Пришпорив скакуна до карьера и на едином дыхании проскакав несколько миль, цезарь одним махом выпрыгнул из седла и, взяв животное за уздечку, зашагал своим ходом, пешком, собственными нижними конечностями, напитываясь ночной свежестью и прохладой: «Выйду ночью в поле с конём, ночкой тёмной тихо пойдём, мы пойдём с конём по полю вдвоём…». Впрочем, долин хватало, а вот римского поля в Вифинии ещё надо было поискать, как днём – с огнём, но кто ищет — тот всегда найдёт. Что поле, что долина – всё равно.
А вокруг – тишина, а вокруг – ни души, только что-то время от времени посвистывает, пощёлкивает, пострекочивает и даже, словно не дикая, а домашняя уточка в пруду, покрякивает: «Здравствуй, римское поле, я твой тонкий колосок!»

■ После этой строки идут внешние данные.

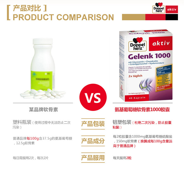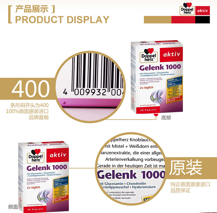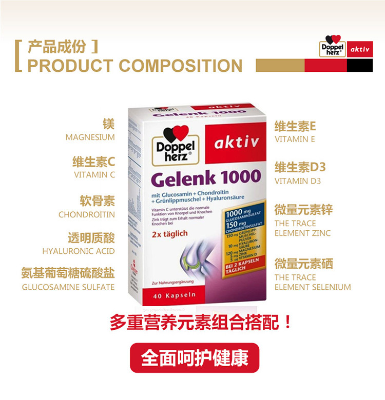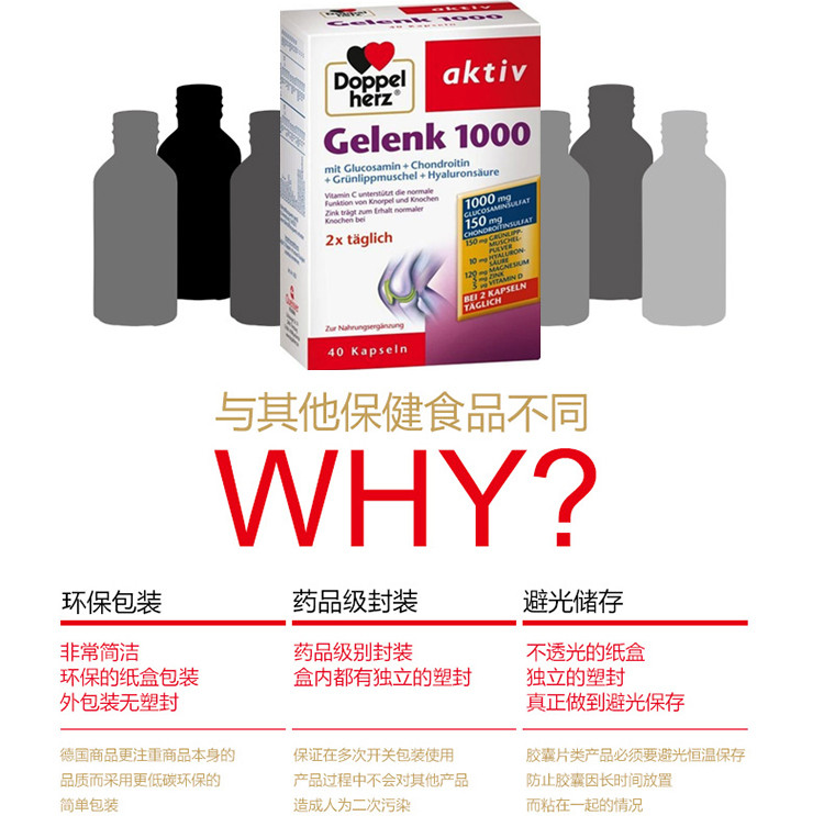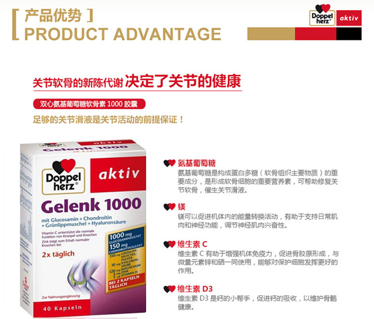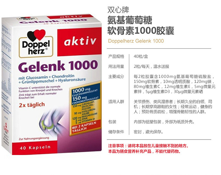 - 商品名称:德国直邮 德国双心牌Doppelherz Gelenk软骨素1000胶囊 预防骨质疏松缓解关节肿胀疼痛 40粒装

Остановившись и часто-глубоко заглатывая перенасыщенный озоном воздух, Галерий рухнул на спину, на пучки травы, разостлавшей на земной тверди вперемежку с мелкими камешками, галькой и песком. Не заметив десятков подавленных и покалеченных мелких насекомых-животинок, в неге широко раскинул руки: весь распахнулся навстречу грядущему и Божественной Вселенной. Эх, лепота! Тучки небесные – вечные странники, мчитесь вы, будто… Стоп! Нет, не тучки, а рассеянные облака: их редкие перисто-слоистые клочья не скрывали бесконечность и бездонность тёмного неба, усеянного мириадами звёзд и всего одним, самым крупным в данный момент кривым пятном ― остророгим полумесяцем. Цезарь избуравил небесные вышины взглядом, пытаясь поймать, выловить оттуда всепроникающий и всепонимающий взгляд Божественной, но такой родной Юноны. Мисюсь, где ты, и где твой дом с мезонином?
Искровой разряд ненадолго погасил напряжение, и разжатые пальцы его рук стали то ли ватными, то ли вышиватными: в свете ночных светил кисти казались венозно-бордовыми и вдруг напрочь отказались повиноваться своему хозяину – лишь слабые и тщедушные подвигивания, пошевеливания.
«Дух бродяжий! Ты всё реже, реже расшевеливаешь пламень уст! О, моя утраченная свежесть, буйство глаз и половодье чувств!», – воскликнул в небеса император. Стояла тихая римская ночь. Словно от древних укров явилась. Галерия передёрнуло: некстати вспомнилось, что ровно неделю назад селяне, горожане и мирные старики на свою жизнь ему не жаловались, а в среде бездельников и бездарей словно вызрело недовольство.
«Если вышиватник съел ватника, то это акт патриотизма, а если ватник вышиватника, то это каннибализм. Вот только никак не могу понять, причём тут либерализм?» – мелькнуло в сознании Галерия: словно и не его мыслью это было, а чем-то наносным с восточных границ империи.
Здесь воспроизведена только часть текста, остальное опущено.